Met enige regelmaat wordt door wetenschappers/columnisten en politieke partijen gepleit voor de invoering van een frisdrankbelasting dan wel een 'suikertaks' (waarom niet: suikerbelasting?). Maar die eerste bestaat al, terwijl die tweede per 1 januari 1993 juist is afgeschaft.
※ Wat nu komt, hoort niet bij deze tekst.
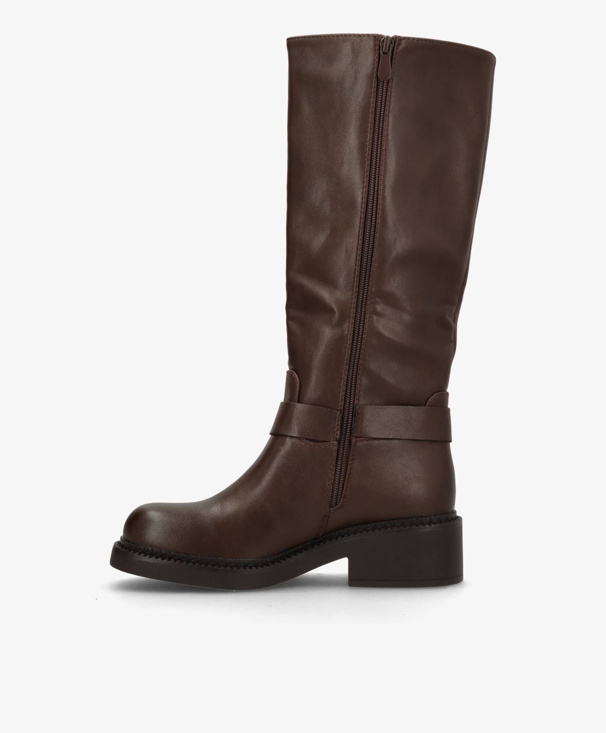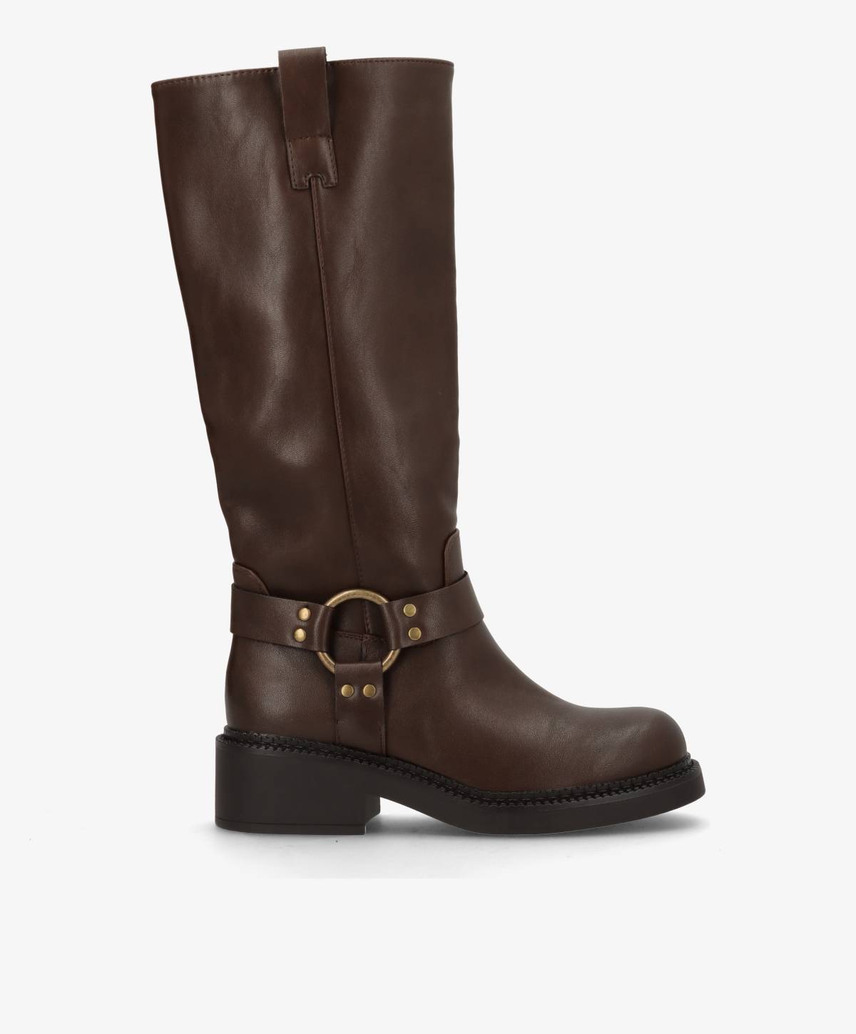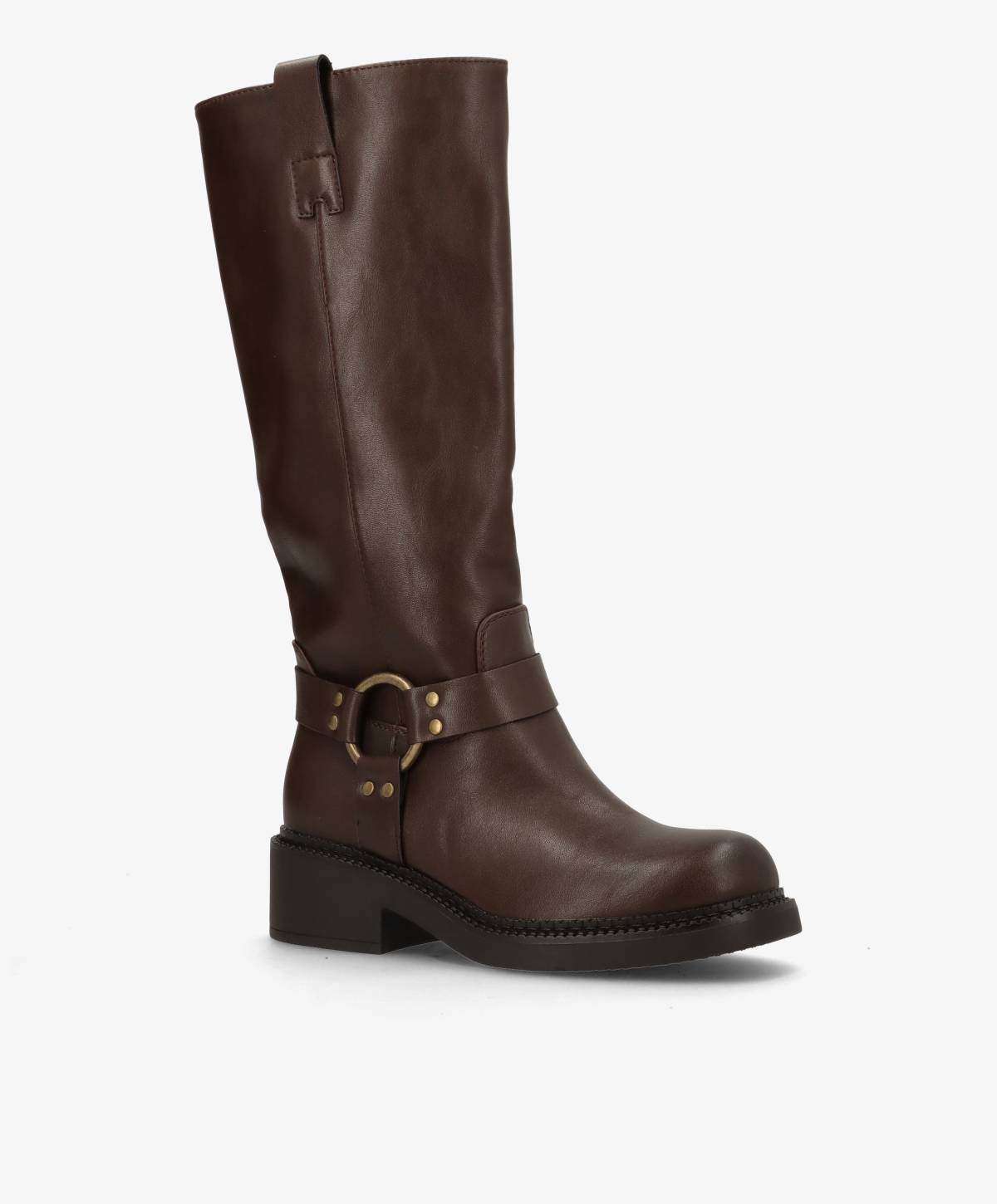 Her får du en lang brun støvle, der kombinerer varm farvetone, klassiske detaljer og komfort til hverdagen. YAS LQ-137 i brun er skabt med en elegant biker-inspireret rem og messingfarvede metalnitter, der giver et moderne og eksklusivt udtryk. Den brede hæl og stabile sål gør støvlen ideel til både travle dage og outfits, der kræver lidt ekstra kant.

Nederland kent al vanaf 1972 (!) een belasting op alcoholvrije dranken (eerst onder de naam accijns, vanaf 1993 onder de naam verbruiksbelasting van alcoholvrije dranken). De belasting wordt geheven van vruchten- en groentesap, mineraalwater en limonade. Met het Belastingplan 2016 zijn de tot 1 januari 2016 geldende twee tarieven vervangen door één tarief van € 8,83 per 100 liter. Verwachte opbrengst van de belasting 2020: € 267 mln. Deze belasting is ingevoerd om opbrengst te genereren. Andere rechtsgronden die verband houden met bij voorbeeld volksgezondheid waren toen niet aan de orde.

Frisdrankbelasting afschaffen?

In 1992 is door de Tweede Kamer een motie aangenomen waarin de Kamer zich uitspreekt voor het op termijn en gefaseerd afschaffen van deze belasting. Volgens de motie is de redengeving van een verbruiksbelasting van alcoholvrije dranken "niet meer van deze tijd"(!). Afschaffing is uiteindelijk niet gerealiseerd; sterker: het tarief is enkele keren verhoogd.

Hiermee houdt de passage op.